Module wsp_tools.lorentzSim

# wsp-tools is TEM data analysis and simulation tools developed by WSP as a grad student in the McMorran Lab.
# Copyright (C) 2021  William S. Parker
#
# This program is free software: you can redistribute it and/or modify
# it under the terms of the GNU General Public License as published by
# the Free Software Foundation, either version 3 of the License, or
# (at your option) any later version.
#
# This program is distributed in the hope that it will be useful,
# but WITHOUT ANY WARRANTY; without even the implied warranty of
# MERCHANTABILITY or FITNESS FOR A PARTICULAR PURPOSE.  See the
# GNU General Public License for more details.
#
# You should have received a copy of the GNU General Public License
# along with this program.  If not, see <https://www.gnu.org/licenses/>.

from . import constants as _
import numpy as np
from deprecated import deprecated

__all__ = ['abphase2d']

@deprecated(version='1.2.0', reason='You should now use wsp_tools.ltem.ab_phase.')
def abphase2d(mx, my, mz, Lx=1e-6, Ly=1e-6, p=np.array([0,0,1]), t=60e-9):
        """DEPRECATED. You should instead use `wsp_tools.ltem.ab_phase.`

        Calculates the Aharonov-Bohm phase acquired by an electron passing through a 2d
        magnetization.

        **Parameters**

        * **mx** : _ndarray_ <br />
        The x-component of magnetization. Should be a 2-dimensional array.

        * **my** : _ndarray_ <br />
        The y-component of magnetization. Should be a 2-dimensional array.

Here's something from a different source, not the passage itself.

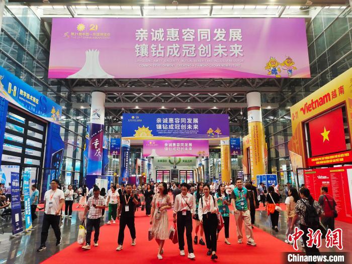 9月26日,在廣西南寧國(guó)際會(huì)展中心,民眾在參觀第21屆中國(guó)—東盟博覽會(huì)展區(qū)。中新社記者 黃艷梅 攝

        * **mz** : _ndarray_ <br />
        The z-component of magnetization. Should be a 2-dimensional array.

        * **Lx** : _number, optional_ <br />
        The x-length of the area calculated. (i.e., Lx = xmax - xmin). <br />
        Default is `Lx = 1e-6`.

        * **Ly** : _number, optional_ <br />
        The y-length of the area calculated. (i.e., Ly = ymax - ymin). <br />
        Default is `Ly = 1e-6`.

        * **p** : _ndarray, optional_ <br />
        A unit vector in the direction of electron propagation. Should be a 1darray with length 3. <br />
        Default is `p = np.array([0,0,1])` (the electron is propagating in the z-direction).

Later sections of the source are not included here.